Taming the complexity of Production Engineering

Production systems are dynamic and complex. Addressing common production engineering concerns like incident troubleshooting, operations, compliance and security involves painfully piecing together information from many teams (service on-call rotations, infra, SRE, etc) and multiple (routinely 10+) different tools (observability, CICD, infrastructure, paging, chat, etc). These tools were not designed to work together, pushing the complexity on humans. It’s almost impossible for a single engineer to have full and up-to-date knowledge about these rapidly evolving systems. Non-coding artifacts (e.g. runbooks) tend to quickly become outdated. AI powered coding assistants have accelerated the process of creating new code and functionality but production engineering tools have lagged behind.
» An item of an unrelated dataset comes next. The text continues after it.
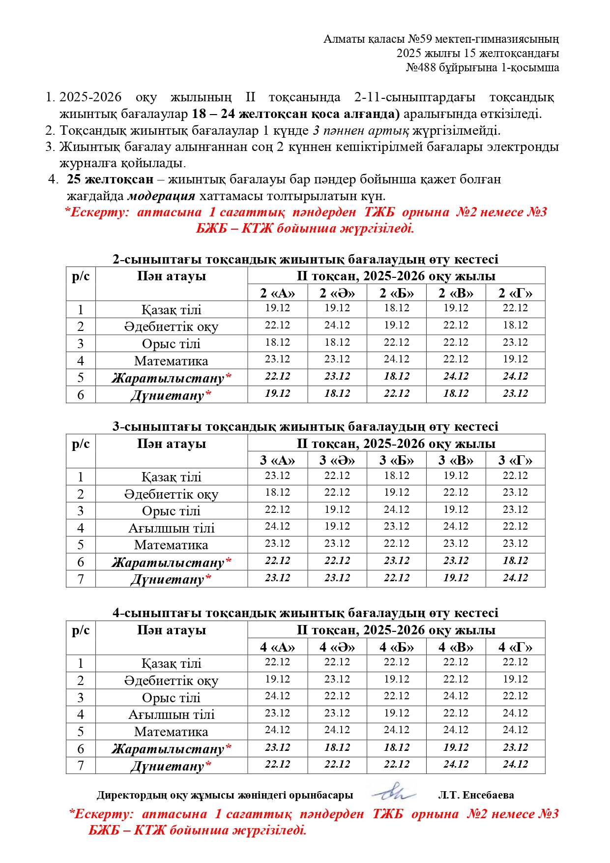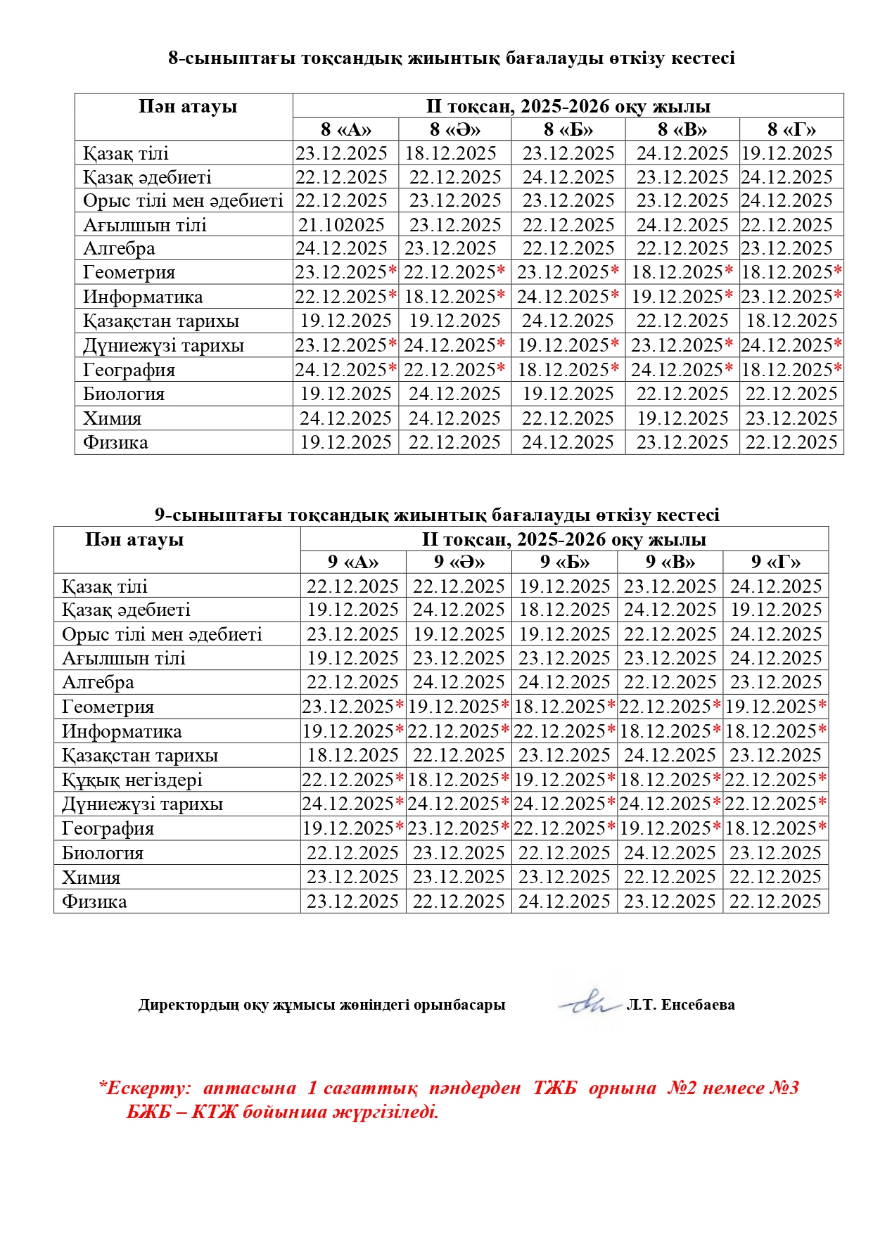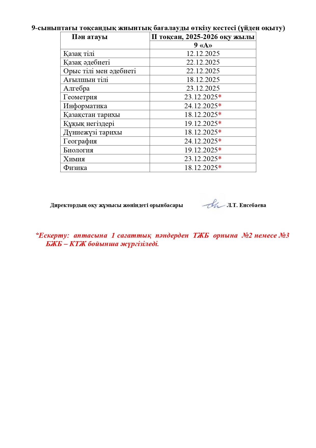 Тоқсандық жиынтық бағалау 18-24.12.2025 аралығында (қоса алғанда) өткізіледі. Кестені электронды журналдан да көре аласыздар.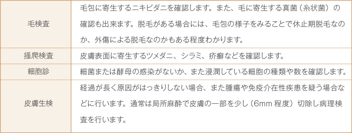 皮膚に関すること、生活に関することなど細かくお話を聞かせて頂きます。これまでの経過やわんちゃんや猫ちゃんの生活スタイルなども皮膚病の原因を探る重要な手がかりになります。いつ頃から症状が出たのか、そしてどのような経過なのか、家でのわんちゃんや猫ちゃんの様子などを飼い主様からの目線でのお話を教えて頂ければと思います。

Resolve AI is building an AI Production Engineer with the goal of automating the majority of tasks across incident management, operations, coding, security engineering, compliance, and cost. As the first step in our ambitious journey, we are automating incident troubleshooting as the most direct way to prevent outages and improve reliability while relieving engineers from the most stressful part of their job. Our goal is to automate the resolution of 80%+ of alerts and incidents without human involvement.
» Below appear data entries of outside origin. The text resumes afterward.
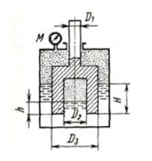 Задача (Куколевский И.И.) 1-32 Определить массу т колокола, имеющего диаметры D1 =0,1 м, D2 = 0,2 м. D3 = 0,4 м, если глубина его погружения в волу при плавании в закрытом сосуде Н = 0,3 м, подъел уровня воды внутри колокола h = 0,1 м, а избыточное давление на поверхности воды вне колокола М = 20 кПа.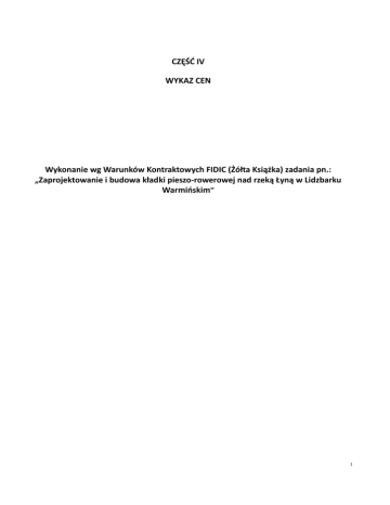 CZĘŚĆ IV WYKAZ CEN Wykonanie wg Warunków Kontraktowych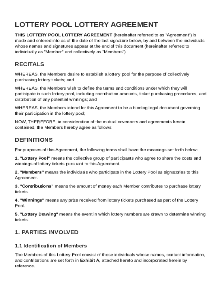 What is Lottery Pool Lottery Agreement Template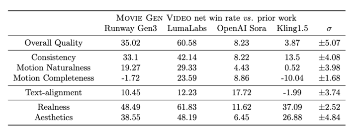 結果顯示,Movie Gen Video 整體評估效果上顯著優於 Runway Gen3 和 LumaLabs,對 OpenAI Sora 有輕微的優勢,與可靈 1.5 相當。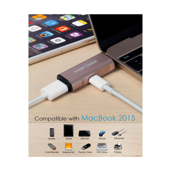 The new Apple MacBook introduces USB Type-C technology to the Apple family's line of products, being the first Apple device to feature a USB type-C port. This device works perfectly with the new MacBook, allowing users to quickly charge it while connecting other devices.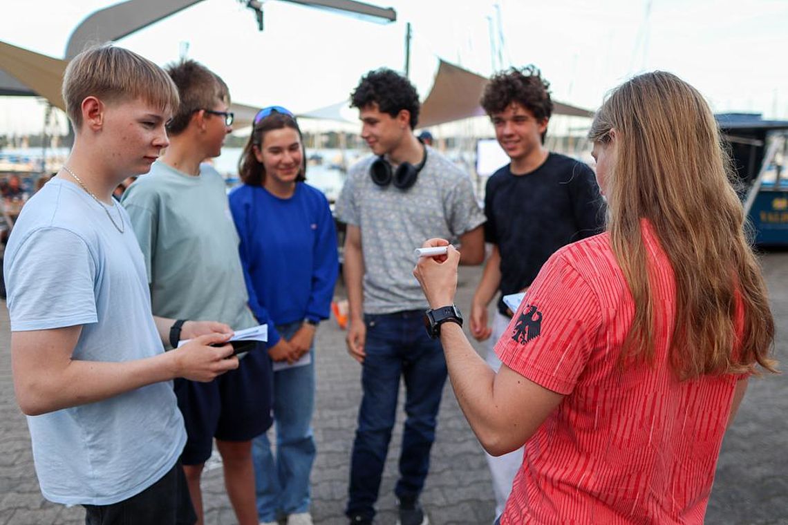 Für besondere Begeisterung sorgte zudem die Verlosung eines exklusiven Segeltrainings mit ihr, das ein glückliches 420er-Team aus dem PYC für sich gewinnen konnte.

To achieve this level of automation we need an AI that has
1. In-depth understanding of the entire production environment from code to changes, to infra and telemetry
2. Ability to take action using the tools that are in place
3. Ability to reason about novel tasks and incidents using data and not solely rely on anything hard-coded or potentially stale (e.g. runbooks)
4. Ability to support claims with concrete evidence and data as the burden of proof is high is these mission critical situations
5. Data security and privacy as foundational principles - we are running in production alongside critical customer systems within highly secure and compliant boundaries

Autonomous and complete understanding of production systems

Cloud applications are inherently complex and dynamic, requiring production engineering tasks to grasp the lineage and interconnections of all production entities, as well as the multitude of tools used for their operation and maintenance. An AI that lacks an understanding of this complexity and connectedness cannot effectively:
• Reason about Upstream and Downstream Dependencies: such as on other services, infrastructure components, and managed external or cloud provider services.
• Deduplicate Across Environments: to distinguish between dev and prod or handle multiple clusters and deployments of the same service, as seen in large multi-tenant applications.
• Accurately Determine Causality: And remove noise from unrelated but temporally local behaviors that always happen in large environments, even within the same entities

Resolve AI automatically maps and keeps up-to-date a complete knowledge graph of any environment, without needing any upfront training or user input. Resolve AI understands infrastructure, application, and source code entities, and all changes. It understands which signals and knowledge within tools (e.g. dashboards, alerts, KPIs, etc) are the most relevant for any entity and situation. It builds this understanding by automatically inspecting available content in these tools, learning from its interactions with users, and by using the tools as described next.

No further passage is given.